Image-sentiment dataset is a general-disaster dataset for sentiment analysis. It contains 4,003 annotated disaster related images and is introduced for multiclass multilabel classification.


CrisisMMD: Multimodal Twitter Datasets from Natural Disasters

Multimodal (Image and Text) | General | Response

CrisisMMD is a general-disaster dataset for informativeness classification, categorization of humanitarian tasks, and damage severity assessment. It contains 18,082 images and 16,058 tweets and is introduced for binary classification, multiclass classification and multiclass (ordinal) classification.


Damage Assessment from Social Media Imagery Data During Disasters

Image | General | Response

This is a general-disaster dataset for damage severity assessment. It contains around 25,000 images of natural disasters from social media and Google Images and is introduced for multiclass (ordinal) classification.


Damage Identification in Social Media Posts using Multimodal Deep Learning

Multimodal (Image, Captioned Image, and Text) | General | Response

This is a general-disaster dataset for damage assessment. It contains 10,875 images, 5,879 captioned images, and 19,031 textual data.
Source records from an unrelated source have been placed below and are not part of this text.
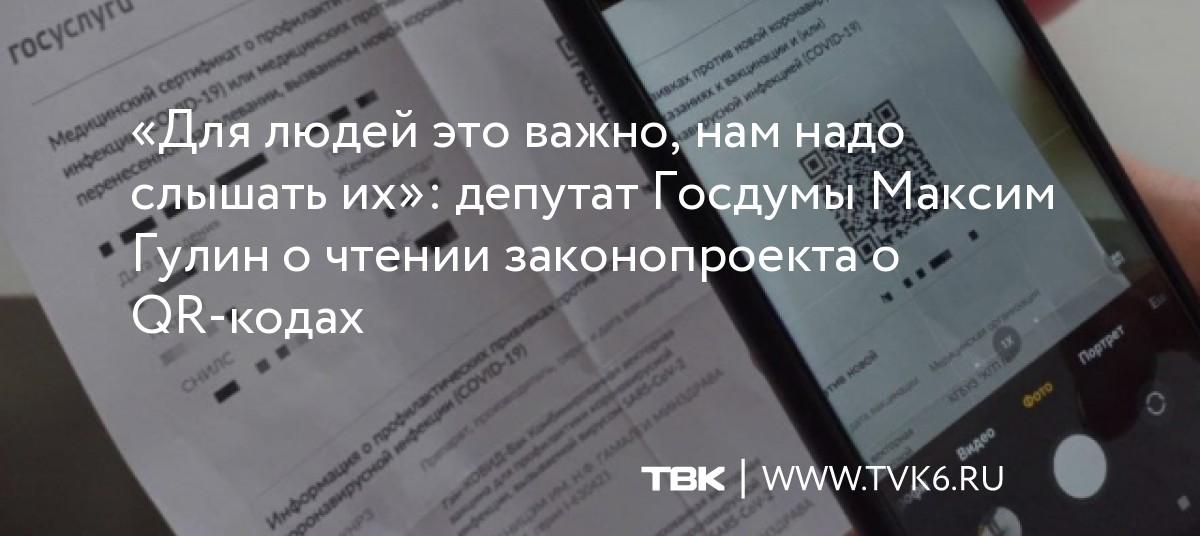 «Для людей это важно, нам надо слышать их»: депутат Госдумы Максим Гулин о чтении законопроекта о QR-кодах
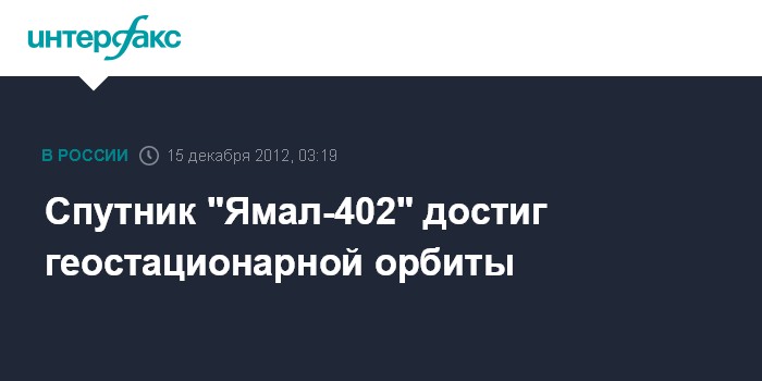 Спутник "Ямал-402" достиг геостационарной орбиты
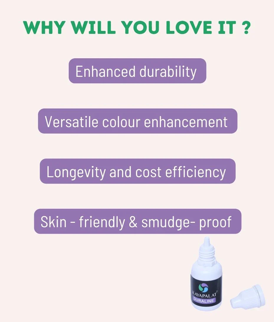 - Apply and enjoy: Once the Duraline is mixed thoroughly with your makeup product, apply it to the desired area of your face, such as eyelids for eyeshadow or eyebrows for brow products. Enjoy the intensified color payoff, enhanced longevity, and waterproof properties that Duraline provides.
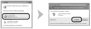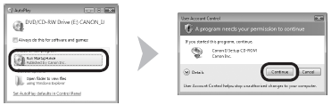 Click Run Msetup4.exe on the AutoPlay screen, then click Continue or Yes on the User Account Control dialog box.
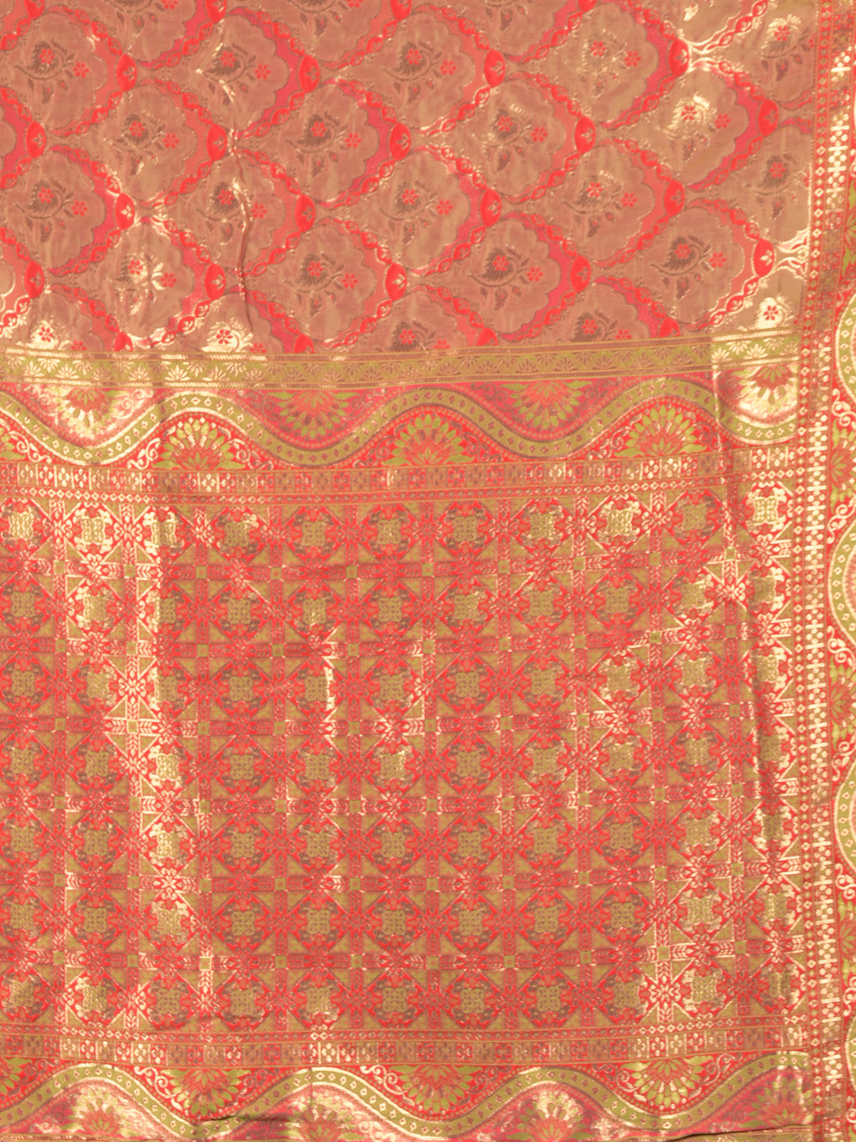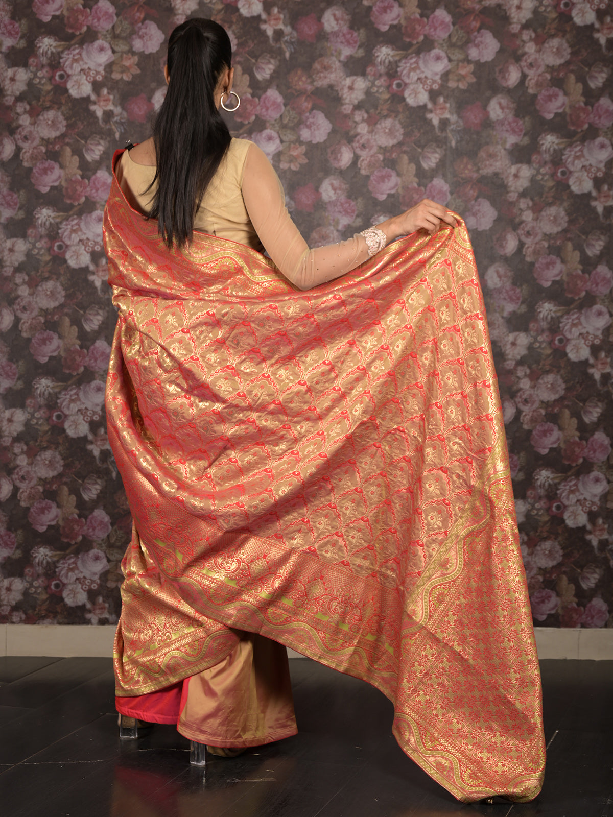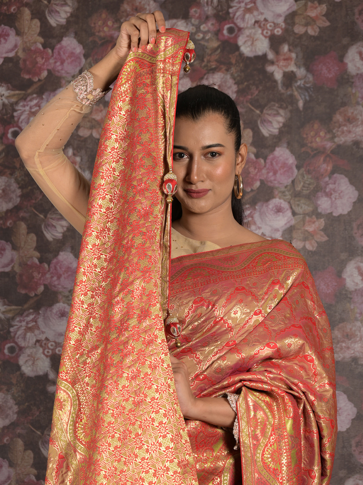Elevate your elegance with Rajwada's exquisite saree. This masterpiece of craftsmanship features intricate design that adds a touch of timeless beauty to your look. Made from premium fabric, this saree is perfect for special occasions, exuding luxury and charm with every drape. Shop now and step into the spotlight! This saree contains different blouse piece (please check the product description), blouse given in the picture is for only photography purpose.
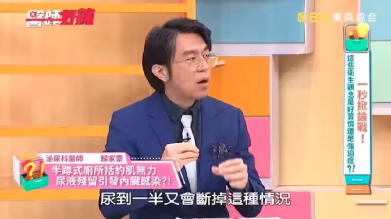 他也藉由這個案例提醒大家,「半蹲式尿尿」會讓大腿無法放鬆,骨盆底肌會不由自主地收縮,就沒辦法把尿排得很乾凈。
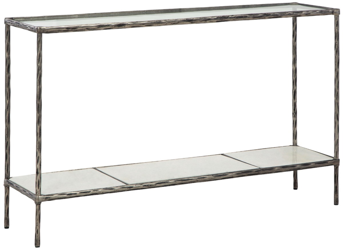 Give your home vintage charm and valuable storage with this stunning console sofa table. In a beautifully constructed of sand casted aluminum in antique pewter finish, white marble and clear glass.Read More
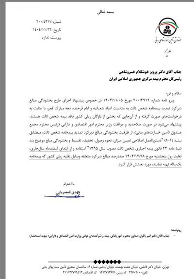 بر اساس محتوای این مکاتبه، صندوق تأمین خسارتهای بدنی با استناد به بند «ب» ماده 24 قانون بیمه اجباری شخص ثالث مصوب سال 1395 و دستورالعملهای مربوط به نحوه وصول، تقسیط، تخفیف و بخشودگی جرائم، اعلام کرده است که امکان اعمال بخشودگی جرائم دیرکرد بیمهنامههای شخص ثالث وسایل نقلیه ریلی وجود دارد؛ موضوعی که اجرای آن منوط به موافقت وزیر امور اقتصادی و دارایی و تصمیم نهایی بیمه مرکزی خواهد بود.
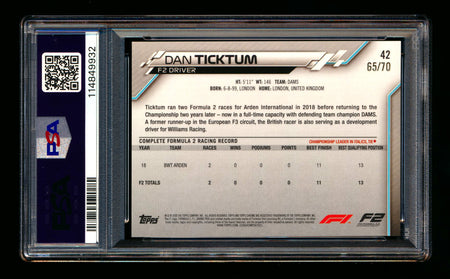 2020 Topps Chrome Sapphire F1 #42 Dan Ticktum RC 70th Silver Refractor #65/70 PSA 10 - POP 1!
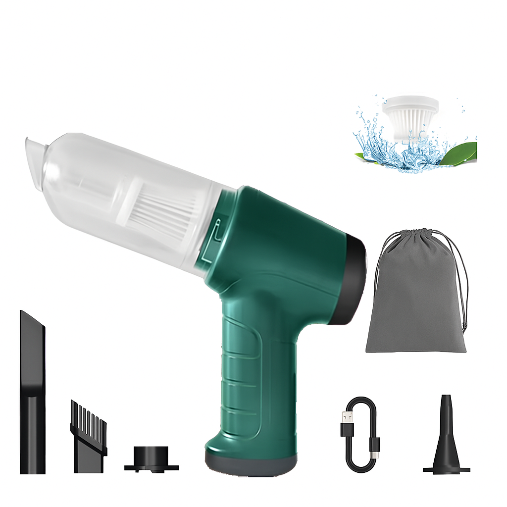Descubre la comodidad y eficiencia de esta Aspiradora/Sopladora Gotech, diseñada para ofrecerte la máxima limpieza en tu hogar y automóvil. Gracias a su potente succión de 8000Pa, elimina con facilidad polvo, migas, pelos de mascotas y pequeñas partículas, garantizando un entorno más limpio y saludable en cuestión de segundos. Ya no tendrás que preocuparte por la suciedad diaria, porque esta aspiradora hace el trabajo por ti, rápida y eficazmente.
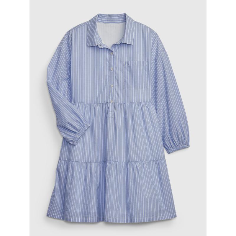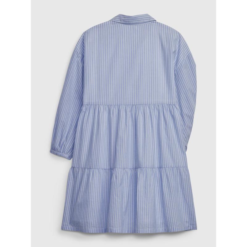 Dětské bavlněné šaty.Střih přes hlavu.Límeček a našitá malá kapsička.V horní části zapínání na knoflíky.Pruhovaný vzor.Dlouhé rukávy.Dva řasené volány. 100 % bavlna
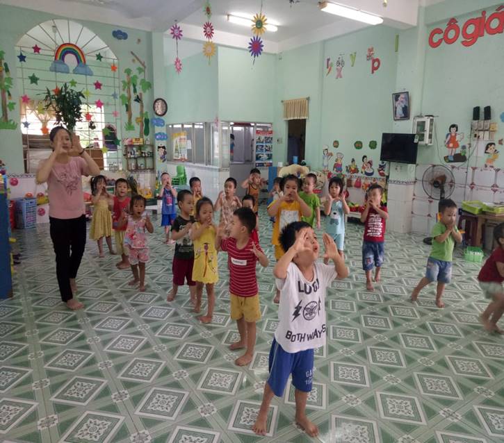– Cô mời 2 – 3 trẻ lên thực hiện cho cả lớp xem
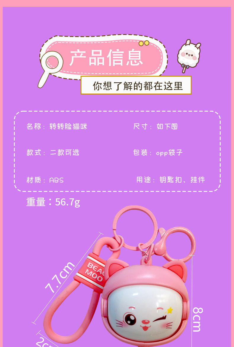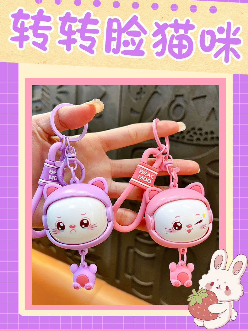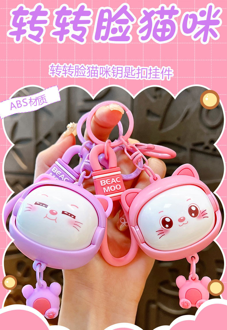 Llavero creativo de dibujos animados girando música lindo descompresión cambio de cara llavero de gato bolsos para hombres y mujeres pequeños regalos al por mayor

It is introduced for multiclass classification.


Deep Learning Benchmarks and Datasets for Social Media Image Classification for Disaster Response

This paper introduces four different datasets for four different ML tasks

Combination of AIDR-DT and DMD

Image | General | Preparedness

This dataset is a combination of AIDR-DT and DMD data for general-disaster type detection . It contains 17,511 images and utilizes multiclass classification.


Combination of DAD, CrisisMMD, AIDR-Info and DMD

Image | General | Response

This dataset is a combination of DAD, CrisisMMD, AIDR-Info and DMD data for general-disaster informativeness classification . It contains 59,716 images and is introduced for binary classification.


Combination of CrisisMMD and DMD

Image | General | Response

This dataset is a combination of CrisisMMD and DMD data for general-disaster categorization of humanitarian tasks . It contains 16,769 images and is introduced for multiclass classification.


Combination of DAD, CrisisMMD and DMD

Image | General | Response

This dataset is a combination of DAD, CrisisMMD and DMD data for general-disaster damage severity assessment . It contains 34,896 images and is introduced for multiclass (ordinal) classification.